Over the years, Toyota hasn't been the first name to come to mind for most shoppers of full-size sport utility vehicles. Ford and Chevrolet, yes. Toyota, no.
But the 2001 Toyota Sequoia, the first mainstream, full-size SUV from the automaker, could easily change that.
Heavier than a 2-plus-ton Chevrolet Tahoe and nearly as long as the ample Ford Expedition, the Sequoia is designed to compete against both.
As Toyota's biggest SUV ever -- yes, it's bigger and has more usable room than the long-running Toyota Land Cruiser -- the Sequoia comes with the V8 power, three rows of seats, no-nonsense, big-SUV looks and push-button four-wheel drive that shoppers in this segment demand.
But it also has a noticeably quiet interior, capable, bump-absorbing suspension, silky smooth engine performance, 10 cupholders, four power points and more than just a few safety items.
In fact, if I didn't know better, I wouldn't have guessed the Sequoia is only Toyota's first major attempt at getting into this lucrative -- read that profitable -- part of the market where buyers typically pony up some $30,000-plus for their vehicles.
Sure, Toyota has sold the Land Cruiser in this country since the late 1950s.

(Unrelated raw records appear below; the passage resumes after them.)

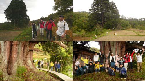 まわりの水田は、大杉にちょうど良い水気を与えるため、元住民の佐竹幸雄さんが欠かさず作っていらっしゃるそうで、とても素敵な風景を作り出しています。集合写真を撮り、芳名帳に記名していると、ついに雨がパラパラと落ちてきたので、なごり惜しく大杉をあとにしました。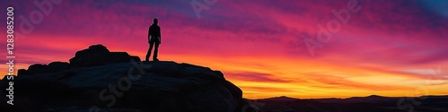 A solitary figure stands atop a rugged cliff, silhouetted against a breathtaking sunset filled with vibrant hues of orange and purple, symbolizing resilience and the spirit of exploration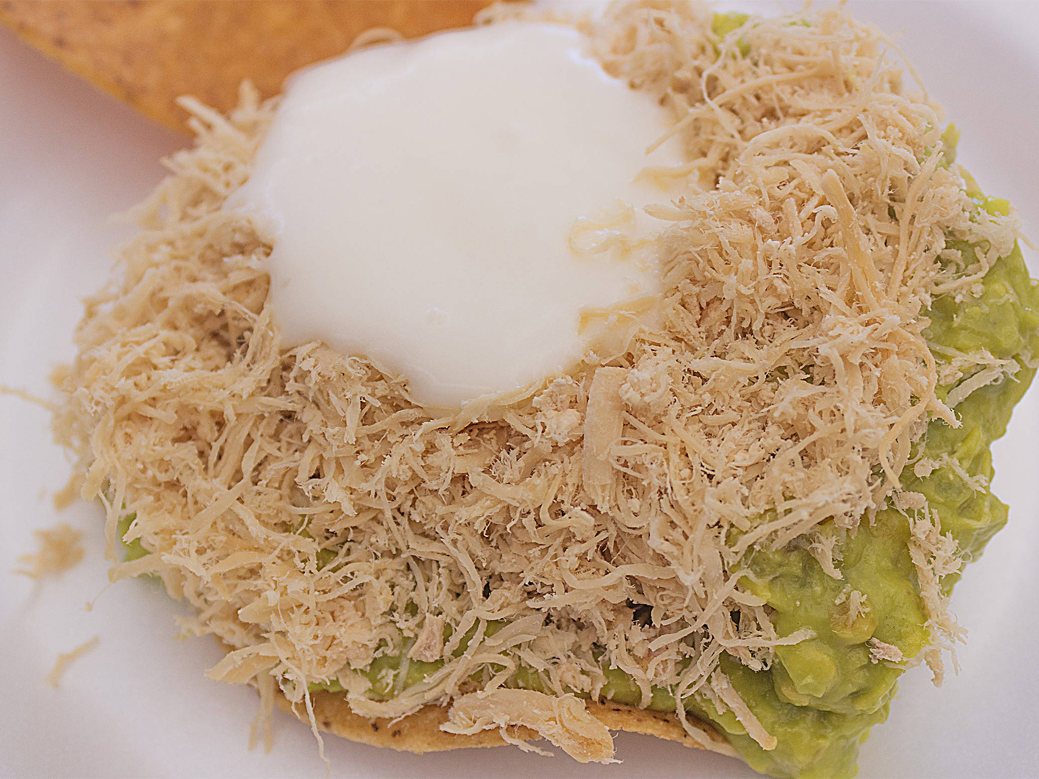 Envueltos dorados de pollo, guacamole, crema, ensalada y consome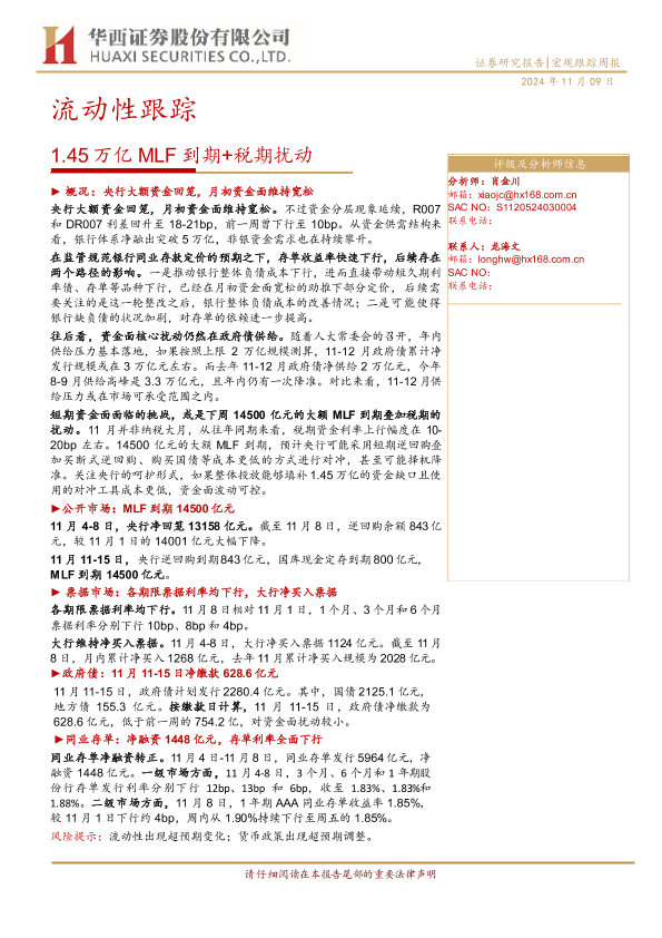 【华西证券】【20241109】流动性跟踪:1.45万亿MLF到期+税期扰动-20页

But the pricey Land Cruiser, with a suggested retail of $53,000, has tallied sales of less than 18,500 a year. That compares with Ford's Expedition, priced at $30,910, which sold more than 213,000 vehicles in each of the last two years.

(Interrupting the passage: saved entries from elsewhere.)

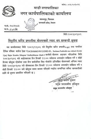 विद्युतिय खरिद प्रणालीमा बोलपत्रको म्याद थप सम्बन्धी सूचना ।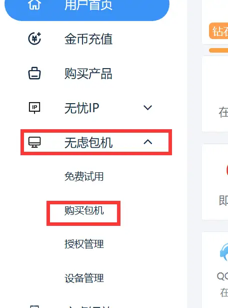 依次点击 无虑包机、购买包机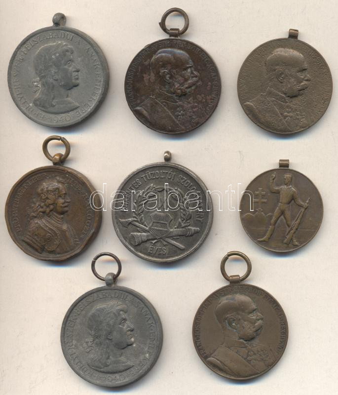 Leírás: Vegyes militária és falerisztika tétel 8db medállal, mellszalagok nélkül, közte 1938. "Felvidéki Emlékérem - II. Rákóczi Ferenc" Br emlékérem, 1940. "Erdélyi részek felszabadulásának emlékére" cink emlékérem T:vegyes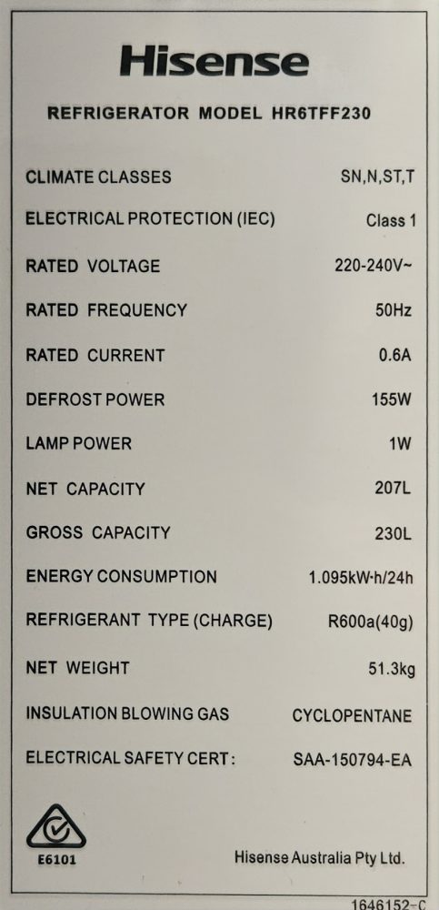 Hisense HR6TFF230 230L Top Mount Fridge Freezer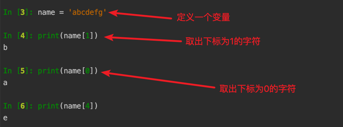 如果想取出部分字符,那么可以通过下标的方法,(注意python中下标从 0 开始)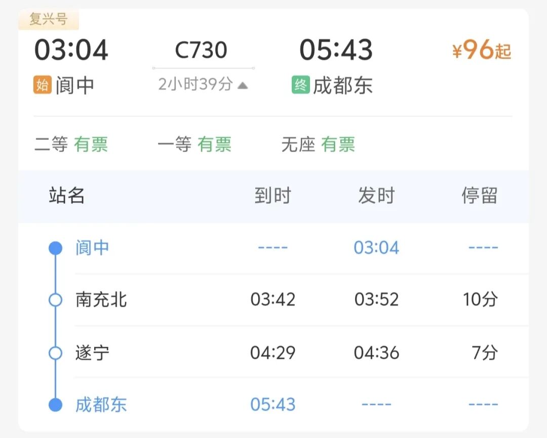 加开日期为5月1日、5月2日、5月5日。发车时间为03:04,车程共2小时39分钟,预计到达成都东站时间为05:43。

Toyota expects sales of the Sequoia, with a starting price of $31,595, to reach 60,000 a year.
It's easy to understand the optimism of Toyota's executives.
Statements like "Boy, it's quiet in here," and "Hey, love that smooth V8," and "Wow, what a nice ride" peppered the conversations during my test drive of a Sequoia Limited 4X4.
Based on the Tundra, Toyota's full-size pickup truck that debuted for the 2000 model year, the Sequoia is surprisingly quiet inside, rides comfortably and has decent road manners for a vehicle weighing more than 5,000 pounds.
I heard some tire noise and, when at highway speed, some wind noise while driving the tall, boxy Sequoia.
But none of it was enough to interfere with conversations, even with someone sitting in the third row seats. The sizable, optional moonroof didn't appear to create the normal buffeting wind sound when opened, either.
On occasion, as the Sequoia accelerated hard, I also heard the deep, satisfying growl of the Sequoia V8. It's the same 4.7-liter, double overhead cam, 32-valve, i-Force V8 that's in the Tundra, mated to the Tundra's four-speed automatic transmission.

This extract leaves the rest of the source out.